28th season of top-tier Italian football

The 1928-29 Divisione Nazionale was the twenty-ninth edition of the Italian Football Championship. It was also the sixth season from which the Italian Football Champions adorned their team jerseys in the subsequent season with a Scudetto. This was the third of three seasons of the Italian Football Championship re-branded to Divisione Nazionale (prior to the fourth re-brand that in 1929 created Serie A and Serie B). The 1928–29 Divisione Nazionale was the second Italian Football Championship won by Bologna.

==Format changes==
Divisione Nazionale was organised into two non-geographical round robin contests. In 1928-29 it was contested by 27 clubs from what was then within Northern Italy, plus three Central and two Southern Italian clubs. The top team from each of the two round robins then decided the championship via a two-legged final.
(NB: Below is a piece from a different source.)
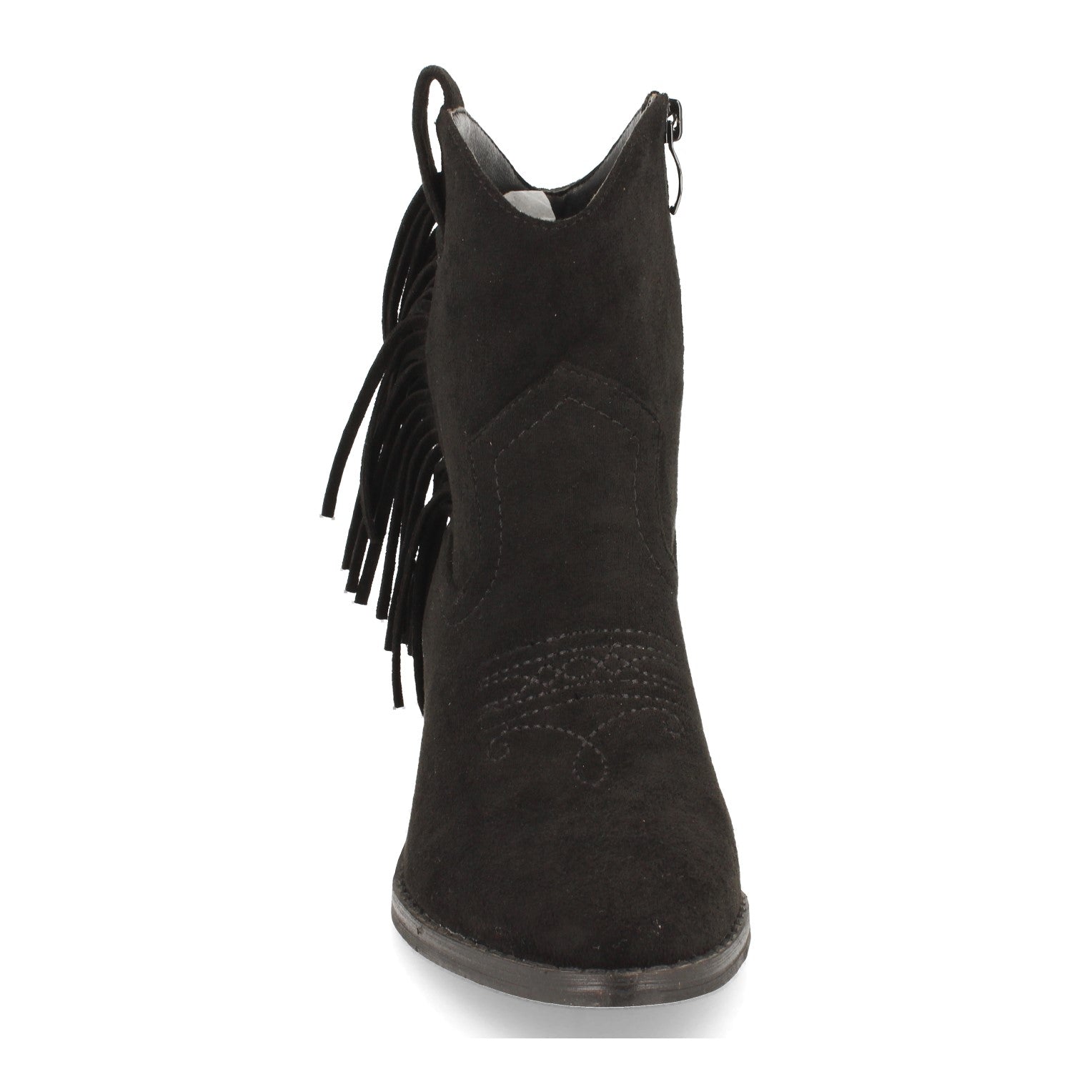 Botin de Mujer con Tacon de Estilo Campero Flecos en el Lateral Bordado en Empeine y Cierre de Cremallera Otoño Invierno 2020

In 1928 the fascist regime allowed for 1929 the start of the Serie A they stopped in 1926, not before to readmit SS Lazio and SC Napoli to allow a wider representation of Southern Italy, and AS Livorno and La Dominante to avoid odd groups.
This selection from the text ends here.